- Born: September 16, 1965 (age 59) Pennsylvania, U.S.
- Occupation: Screenwriter

= Craig Borten =

American screenwriter

Craig Borten (born September 16, 1965) is an American screenwriter. Borten is best known for his Oscar-nominated script for the 2013 film Dallas Buyers Club. In addition to his nomination for Academy Award for Best Original Screenplay, Borten also received a nomination for Writers Guild of America Award for Best Original Screenplay.

==Early life and education==
Borten was born and grew up in Pennsylvania. He attended Plymouth-Whitemarsh High School in Plymouth Meeting, Pennsylvania and then Syracuse University in Syracuse, New York.

==Career==
===Dallas Buyers Club===

After Syracuse University, Borten moved to Los Angeles to pursue a career in filmmaking.
After hearing about Ron Woodroof, the original founder of the "Dallas Buyers Club" for the distribution of unapproved HIV medications, in the early 1990s, and interviewing Woodroof in 1992, Borten decided to write a screenplay about Woodroof and his buyers club. In 1996, he sold the script for Dallas Buyers Club to a production company that was later dissolved.
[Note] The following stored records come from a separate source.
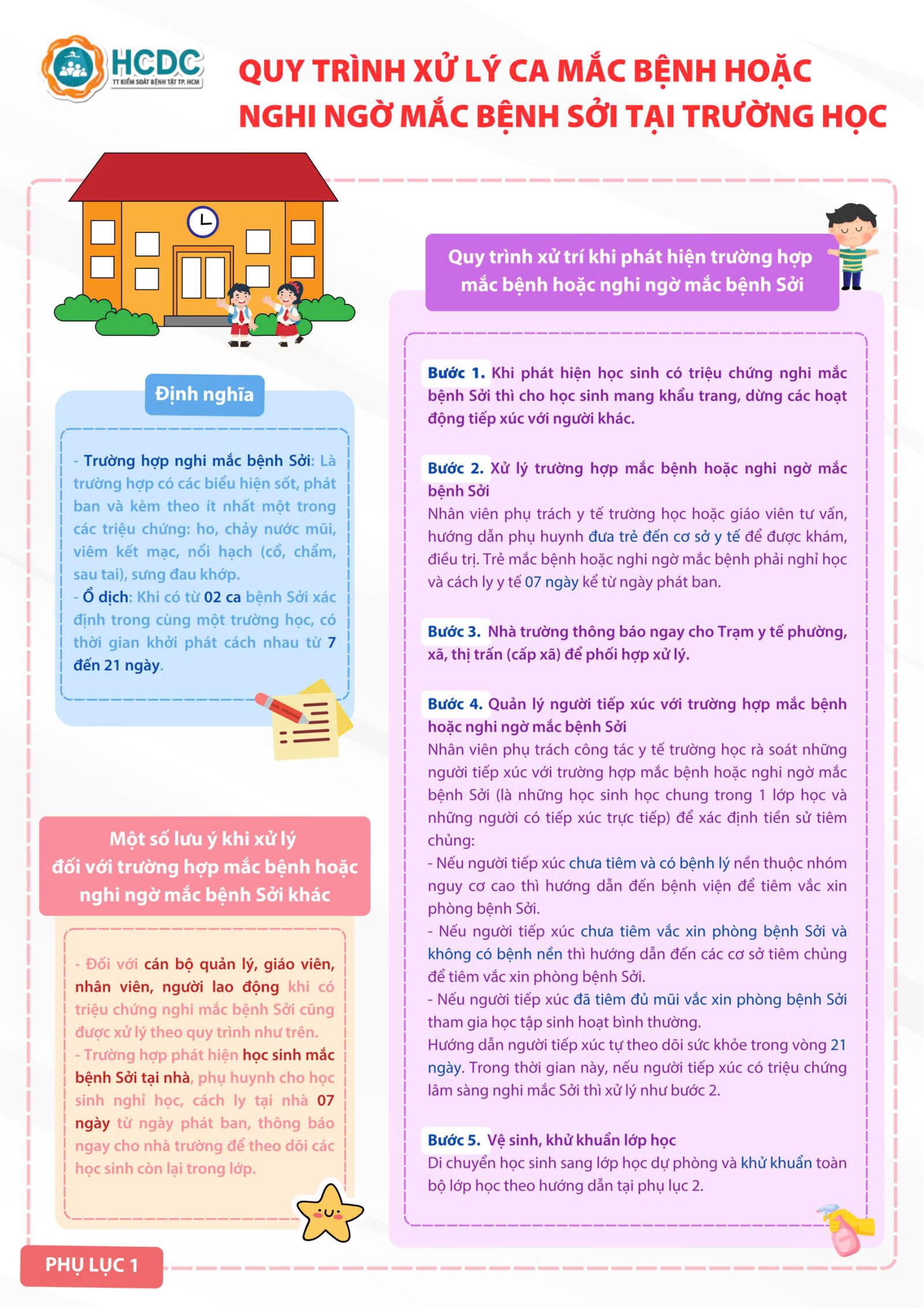 - Nếu có các dấu hiệu nghi ngờ mắc sởi như sốt, phát ban, ho, chảy nước mũi, viêm kết mạc (đỏ mắt), cần báo ngay cho giáo viên hoặc nhân viên y tế của trường; phụ huynh học sinh (PHHS) nên đưa con đi khám tại các cơ sở y tế; học sinh được phép nghỉ học cho đến khi sức khỏe ổn định.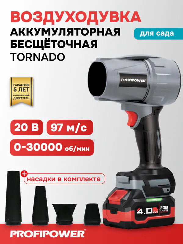 Аккумуляторная бесщеточная воздуходувка PROFIPOWER "Tornado" MKBUB-20V E0225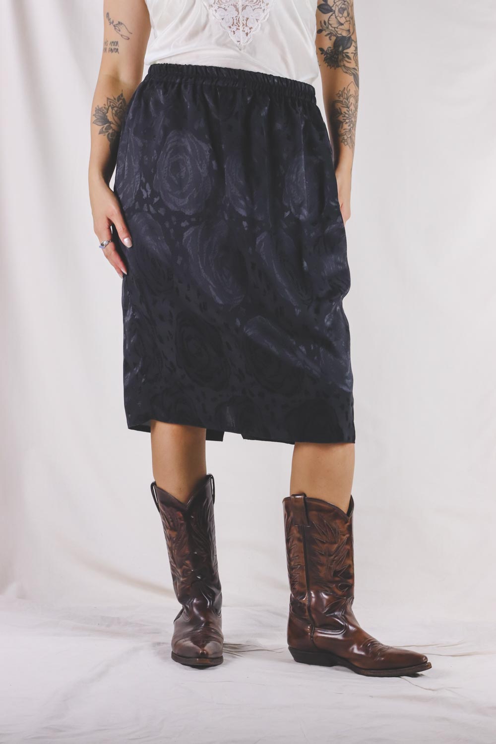 Kaunis musta vintagehame, jossa ruusukuviointi. Kuminauhavyötärö.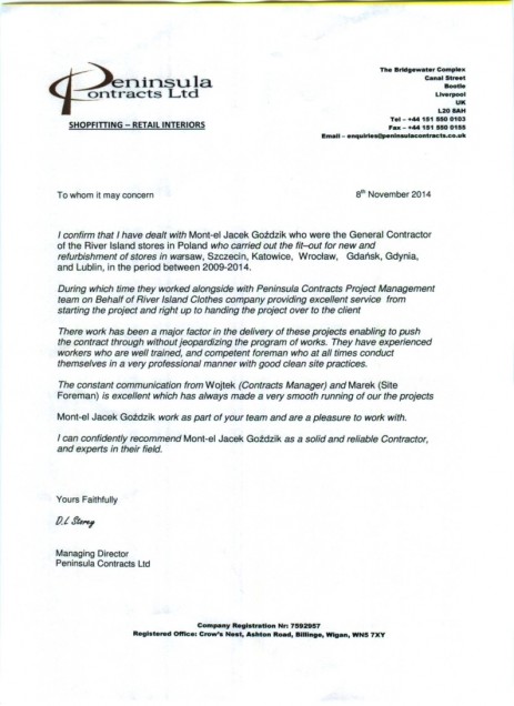 Mont-el: Generalny wykonawca dla firmy Peninsula Contracts Ltd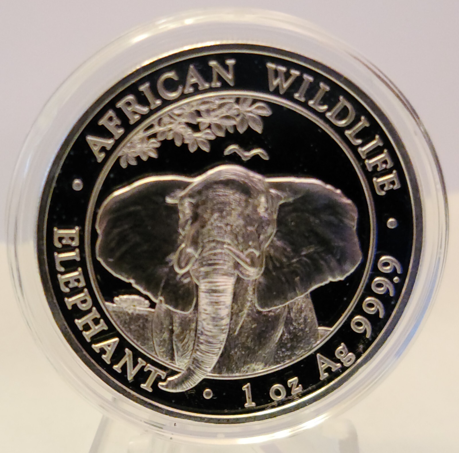 Description: The 2021 Somalia Silver Elephant coin features a beautiful rendition of the majestic creature and contains 1 oz of. 9999 fine Silver. The coin pictured is an example of the one you will receive. Reverse: Features a close-up of an adult elephant with his trunk almost to the edge of the coin.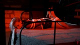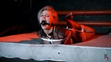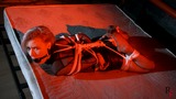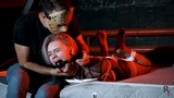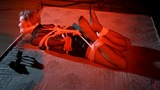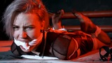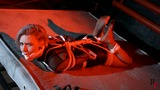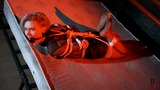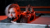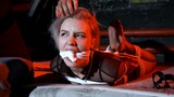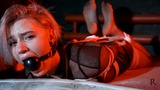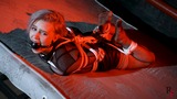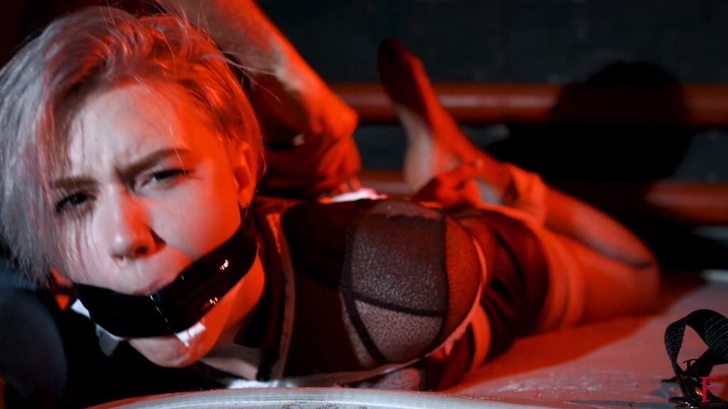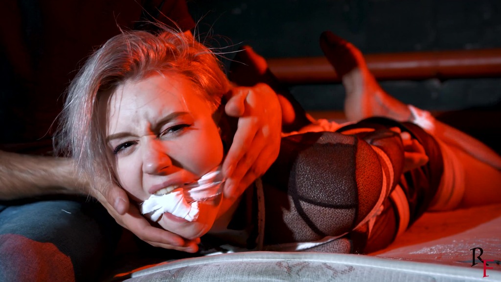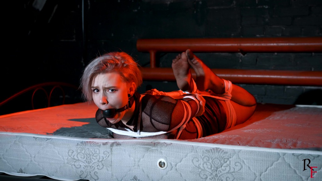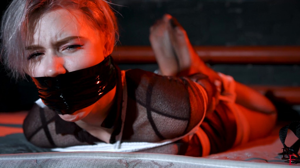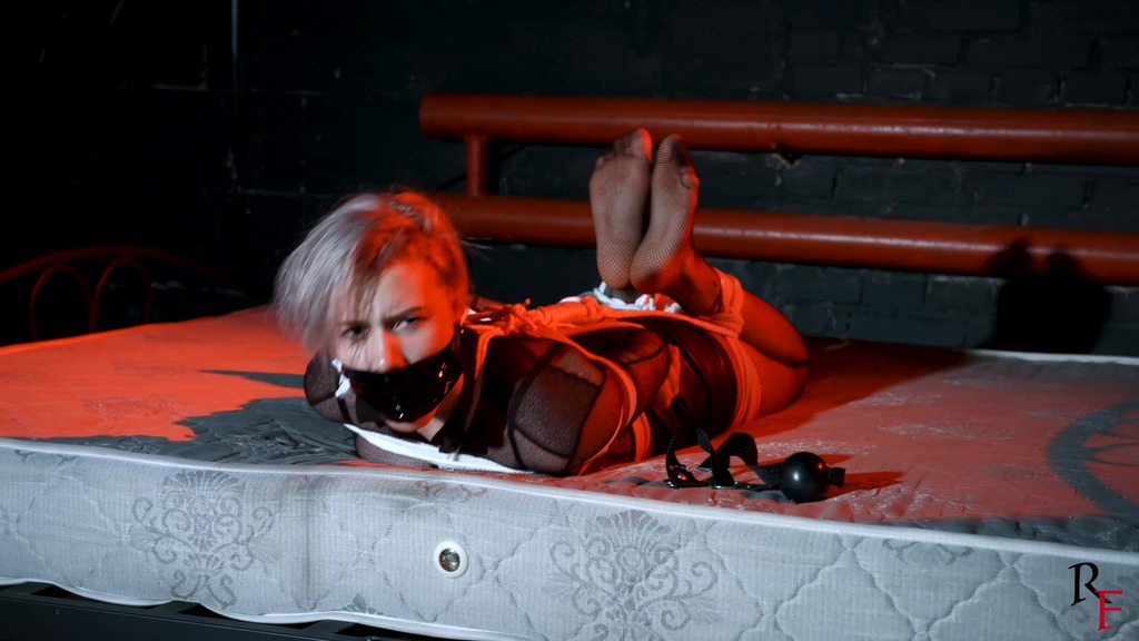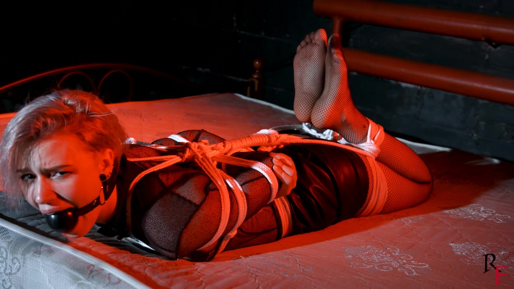 This is the second part, now Astrid is frogtied tightly on the bed. She’s without her shoes now and you can see her feet in nice black pantyhose. Astrid looks at the camera and struggles as much as ropes allow it. I come and put a hugest ball gag we have. Among all our models only Astrid can take such a big ball gag. Then I leave her alone.

In 2001, he rewrote the script with Melisa Wallack, and they sold it to Universal Studios, with Marc Forster to direct the film and Brad Pitt to star in it. The production fell through again, however, which Borten described as "a death blow". In 2009, however, Borten and Wallack were able to reclaim their rights to the script, and producer Robbie Brenner cast Matthew McConaughey to star in it, and secured funding for the film's production. The film was released in 2013, more than two decades after Borten met Woodroof, and more than 15 years after Borten sold his first version of the script. Dallas Buyers Club received numerous accolades, including Academy Award nominations for Best Picture and Best Original Screenplay.

===Other works===
Borten's screenwriting credits since 2013 include other biopics, including the survival-drama The 33 and the Netflix film Sergio.

His upcoming projects include The War and Treaty with John Legend and Gilbert Films, and Titan: The Life of John D. Rockefeller, a biopic about the life of John D. Rockefeller with Lasse Hallström attached as director.